Restate the listing word for word; omit the images.

<<<<

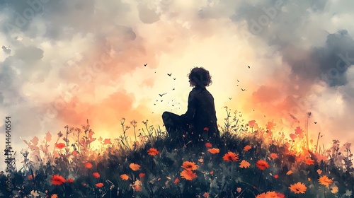 Watercolor painting of a poet sitting on a hill at sunset with verses forming in the clouds for World Poetry Day
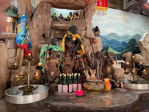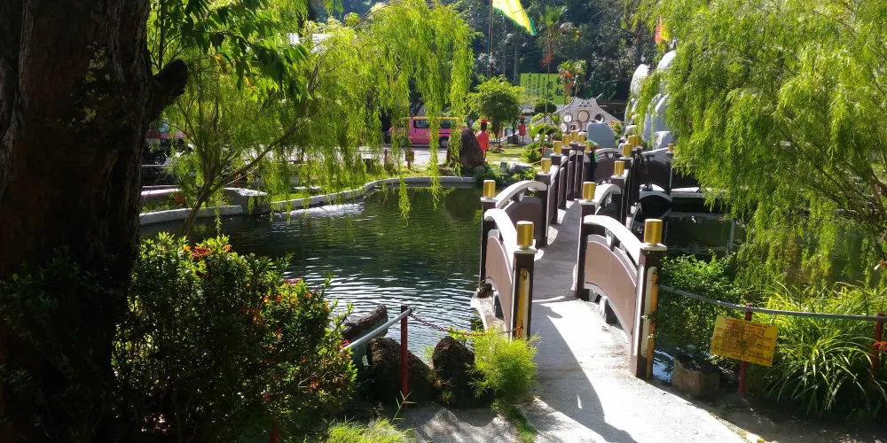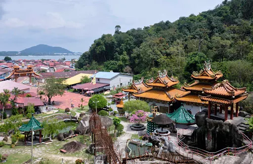 擁有70多年歷史的福臨宮,一開始只是一間小小的屋子,據說求籤十分靈驗,於是就有許多來自新加坡、文萊等地的善男信女前來問事求籤,後來大家紛紛出錢出力擴建福臨宮,才會有福臨宮今天的樣子——嶄新的建築,簡單的雕樑畫棟,極其鮮亮的色彩。福臨宮是很多遊客必到的地方,因為這裡是當地華人因思鄉情切集資興建的信仰中心。有機會去的話,記得一定要去看看那面被島民奉為寶物的可以長出牛毛的牛皮大鼓,光滑的鼓皮在被釘上鼓身後,鼓皮的毛髮竟持續成長。聽說此鼓非常具有靈性,許多人拔了鼓上的毛,放在錢包裡就會財源滾滾,蔚為奇觀,觀光客便紛紛慕名前來拔取鼓毛求取好運。1991年,前首相拿督馬哈迪醫生到訪福臨宮時,還建議將鼓框起來,不然鼓上的毛遲早會被拔光!對了,別忘了去池塘看看有名的一米多長的龍王魚。
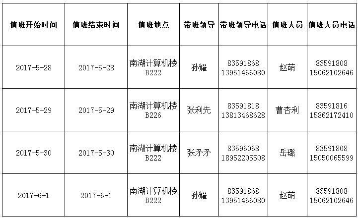太阳成集团122ccvip2017年端午节、校庆假期值班计划
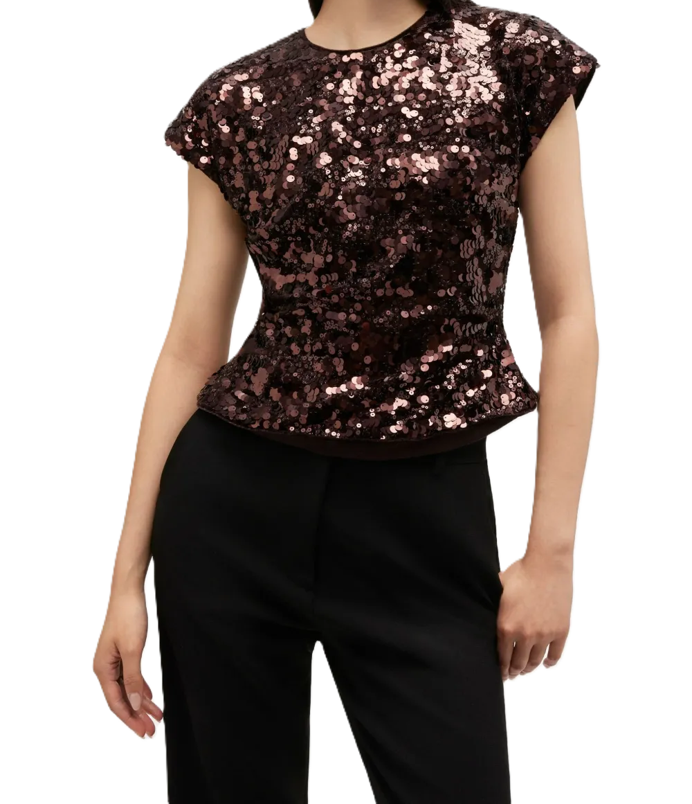Top marrone cn decorazione all-over con paillettes. maniche corte
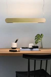 Boas opções disponíveis no mercado são luminárias lineares com lâmpadas LED tubulares ou sistemas com LED integrado, que podem ser embutidas no forro, podem ficar sobrepostas à laje ou ainda pendentes sobre a mesa.
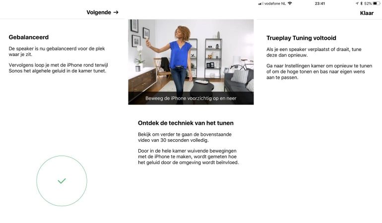 We merkten snel dat de Beam zowel alleen als in een surroundopstelling veel beter presteert na de Trueplay-meting. Het is dus echt een aanrader om te doen, zelfs al vind je dat rondzwaaien met een iPhone of iPad maar een gekke bedoening. We snappen trouwens wel waarom Trueplay technisch niet met een Android-apparaat kan, maar vinden het niettemin spijtig. Ooit beweerde Sonos dat ze mogelijk toch ondersteuning voor Trueplay-metingen zou brengen naar bepaalde goedverkopende Android-smartphones. Dat lijkt niet te gebeuren.
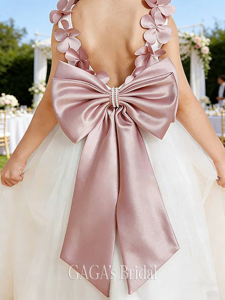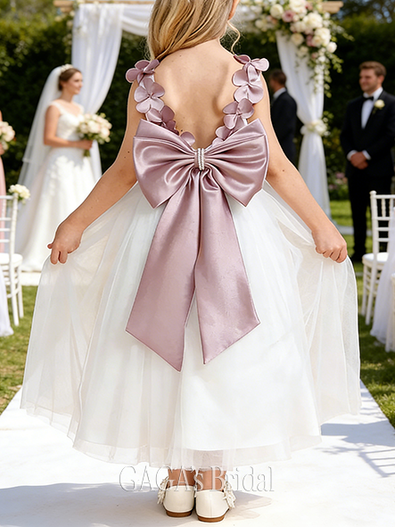 - A-line Classic Scoop Knee-Length Satin Flower Girl Dress
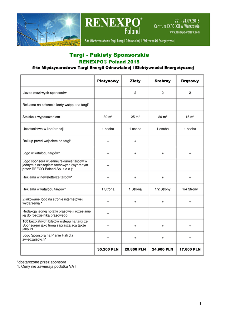 Targi - Pakiety Sponsorskie RENEXPO® Poland 2015 5-te Międzynarodowe Targi Energii Odnawialnej i Efektywności Energetycznej Platynowy Złoty Srebrny Brązowy Liczba możliwych sponsorów 1 2 2 2 Reklama na odwrocie karty wstępu na targi* + 30 m² 25 m² 20 m² 15 m² 1 osoba 1 osoba 1 osoba 1 osoba Roll up przed wejściem na targi* + + Logo w katalogu targów* + + + + Logo sponsora w jednej reklamie targów w jednym z czasopism fachowych (wybranym przez REECO Poland Sp. z o.o.)* + Reklama w newsletterze targów* + + + + 1 Strona 1 Strona 1/2 Strony 1/4 Strony Zlinkowane logo na stronie internetowej wydarzenia * + + + + Redakcja jednej notatki prasowej i rozesłanie jej do rozdzielnika prasowego + 100 bezpłatnych biletów wstępu na targi ze Sponsorem jako firmą zapraszającą także jako PDF + + + + Logo Sponsora na Planie Hali dla zwiedzających* + + + + 35.200 PLN 29.800 PLN 24.900 PLN 17.600 PLN Stoisko z wyposażeniem Uczetsnictwo w konferencji Reklama w katalogu targów* *dostarczone przez sponsora 1. Ceny nie zawierają podatku VAT 1 Dodatkowe możliwości sponsoringu Ceremonia Otwarcia RENEXPO® Poland / lub Kolacja Profesjonalistów OZE - rozpoznawalność Sponsora poprzez banner, roll up albo plakat w trakcie Wieczoru Wystawców, logo na serwetkach itp. * - logo na stronie internetowej i w programie jako Sponsora Ceremonii Otwarcia - Logo i reklama w katalogu targów 20.000 PLN *dostarczone przez sponsora 1. Ceny nie zawierają podatku VAT Targi - Pakiety Sponsorskie (proszę zakreślić) Platynowy Pakiet Sponsorski 35.200 PLN Złoty Pakiet Sponsorski 29.800 PLN Srebrny Pakiet Sponsorski 24.900 PLN Brązowy Pakiet Sponsorski 17.600 PLN Dodatkowe możliwości Sponsoringu (proszę zakreślić) Kolacja Profesjonalistów OZE 20.000 PLN Ceremonia Otwarcia RENEXPO® Poland 20.000 PLN 2 Dane kontaktowe: Nazwa Firmy: ........................................................................................................................................... Dział: ........................................................................................................................................................ Ulica/skrytka pocztowa: ......................................................................................................................... Kraj/kod pocztowy/miejscowość: ......................................................................................................... Numer telefonu: ...................................................................................................................................... Fax:........................................................................................................................................................... Email: .............................................@...................................................................................................... Strona internetowa: ................................................................................................................................ NIP: ........................................................................................................................................................... 1. Ceny nie zawierają podatku VAT Dyrektor/Prezes: ..................................................................................................................................... Tel.: .......................................................................................................................................................... Email: ......................................................@.............................................................................................. Osoba kontaktowa w kwestii sponsoringu: ......................................................................................... Tel.: .......................................................................................................................................................... Numer komórkowy: ................................................................................................................................ Email: .......................................................@............................................................................................. Proszę przygotować mi indywidualny pakiet sponsorski, w tym celu proszę o kontakt. Niniejszym zamawiam wybrany/e pakiet/y sponsorski/e. Pakiety sponsorskie nie zawierają kosztów produkcji materiałów reklamowych. Przyznanie i wyrażenie ugody na sponsoring następuje po sprawdzeniu możliwości sponsoringu. Odpowiednie warunki handlowe, które są częścią umowy są mi znane i akceptuje je. Aby umowa była ważna wymagana jest zgoda Organizatora. Miejscowość, data: ........................................................... Prawnie wiążący podpis: .......................... Pieczątka: Wypełniony formularz prosze wysłać na adres email [email protected] lub faxem na numer +48-22-379-78-60. 3

>>>>

(Exercise output):
 Watercolor painting of a poet sitting on a hill at sunset with verses forming in the clouds for World Poetry Day
 擁有70多年歷史的福臨宮,一開始只是一間小小的屋子,據說求籤十分靈驗,於是就有許多來自新加坡、文萊等地的善男信女前來問事求籤,後來大家紛紛出錢出力擴建福臨宮,才會有福臨宮今天的樣子——嶄新的建築,簡單的雕樑畫棟,極其鮮亮的色彩。福臨宮是很多遊客必到的地方,因為這裡是當地華人因思鄉情切集資興建的信仰中心。有機會去的話,記得一定要去看看那面被島民奉為寶物的可以長出牛毛的牛皮大鼓,光滑的鼓皮在被釘上鼓身後,鼓皮的毛髮竟持續成長。聽說此鼓非常具有靈性,許多人拔了鼓上的毛,放在錢包裡就會財源滾滾,蔚為奇觀,觀光客便紛紛慕名前來拔取鼓毛求取好運。1991年,前首相拿督馬哈迪醫生到訪福臨宮時,還建議將鼓框起來,不然鼓上的毛遲早會被拔光!對了,別忘了去池塘看看有名的一米多長的龍王魚。
太阳成集团122ccvip2017年端午节、校庆假期值班计划
Top marrone cn decorazione all-over con paillettes. maniche corte
 Boas opções disponíveis no mercado são luminárias lineares com lâmpadas LED tubulares ou sistemas com LED integrado, que podem ser embutidas no forro, podem ficar sobrepostas à laje ou ainda pendentes sobre a mesa.
 We merkten snel dat de Beam zowel alleen als in een surroundopstelling veel beter presteert na de Trueplay-meting. Het is dus echt een aanrader om te doen, zelfs al vind je dat rondzwaaien met een iPhone of iPad maar een gekke bedoening. We snappen trouwens wel waarom Trueplay technisch niet met een Android-apparaat kan, maar vinden het niettemin spijtig. Ooit beweerde Sonos dat ze mogelijk toch ondersteuning voor Trueplay-metingen zou brengen naar bepaalde goedverkopende Android-smartphones. Dat lijkt niet te gebeuren.
 - A-line Classic Scoop Knee-Length Satin Flower Girl Dress
 Targi - Pakiety Sponsorskie RENEXPO® Poland 2015 5-te Międzynarodowe Targi Energii Odnawialnej i Efektywności Energetycznej Platynowy Złoty Srebrny Brązowy Liczba możliwych sponsorów 1 2 2 2 Reklama na odwrocie karty wstępu na targi* + 30 m² 25 m² 20 m² 15 m² 1 osoba 1 osoba 1 osoba 1 osoba Roll up przed wejściem na targi* + + Logo w katalogu targów* + + + + Logo sponsora w jednej reklamie targów w jednym z czasopism fachowych (wybranym przez REECO Poland Sp. z o.o.)* + Reklama w newsletterze targów* + + + + 1 Strona 1 Strona 1/2 Strony 1/4 Strony Zlinkowane logo na stronie internetowej wydarzenia * + + + + Redakcja jednej notatki prasowej i rozesłanie jej do rozdzielnika prasowego + 100 bezpłatnych biletów wstępu na targi ze Sponsorem jako firmą zapraszającą także jako PDF + + + + Logo Sponsora na Planie Hali dla zwiedzających* + + + + 35.200 PLN 29.800 PLN 24.900 PLN 17.600 PLN Stoisko z wyposażeniem Uczetsnictwo w konferencji Reklama w katalogu targów* *dostarczone przez sponsora 1. Ceny nie zawierają podatku VAT 1 Dodatkowe możliwości sponsoringu Ceremonia Otwarcia RENEXPO® Poland / lub Kolacja Profesjonalistów OZE - rozpoznawalność Sponsora poprzez banner, roll up albo plakat w trakcie Wieczoru Wystawców, logo na serwetkach itp. * - logo na stronie internetowej i w programie jako Sponsora Ceremonii Otwarcia - Logo i reklama w katalogu targów 20.000 PLN *dostarczone przez sponsora 1. Ceny nie zawierają podatku VAT Targi - Pakiety Sponsorskie (proszę zakreślić) Platynowy Pakiet Sponsorski 35.200 PLN Złoty Pakiet Sponsorski 29.800 PLN Srebrny Pakiet Sponsorski 24.900 PLN Brązowy Pakiet Sponsorski 17.600 PLN Dodatkowe możliwości Sponsoringu (proszę zakreślić) Kolacja Profesjonalistów OZE 20.000 PLN Ceremonia Otwarcia RENEXPO® Poland 20.000 PLN 2 Dane kontaktowe: Nazwa Firmy: ........................................................................................................................................... Dział: ........................................................................................................................................................ Ulica/skrytka pocztowa: ......................................................................................................................... Kraj/kod pocztowy/miejscowość: ......................................................................................................... Numer telefonu: ...................................................................................................................................... Fax:........................................................................................................................................................... Email: .............................................@...................................................................................................... Strona internetowa: ................................................................................................................................ NIP: ........................................................................................................................................................... 1. Ceny nie zawierają podatku VAT Dyrektor/Prezes: ..................................................................................................................................... Tel.: .......................................................................................................................................................... Email: ......................................................@.............................................................................................. Osoba kontaktowa w kwestii sponsoringu: ......................................................................................... Tel.: .......................................................................................................................................................... Numer komórkowy: ................................................................................................................................ Email: .......................................................@............................................................................................. Proszę przygotować mi indywidualny pakiet sponsorski, w tym celu proszę o kontakt. Niniejszym zamawiam wybrany/e pakiet/y sponsorski/e. Pakiety sponsorskie nie zawierają kosztów produkcji materiałów reklamowych. Przyznanie i wyrażenie ugody na sponsoring następuje po sprawdzeniu możliwości sponsoringu. Odpowiednie warunki handlowe, które są częścią umowy są mi znane i akceptuje je. Aby umowa była ważna wymagana jest zgoda Organizatora. Miejscowość, data: ........................................................... Prawnie wiążący podpis: .......................... Pieczątka: Wypełniony formularz prosze wysłać na adres email [email protected] lub faxem na numer +48-22-379-78-60. 3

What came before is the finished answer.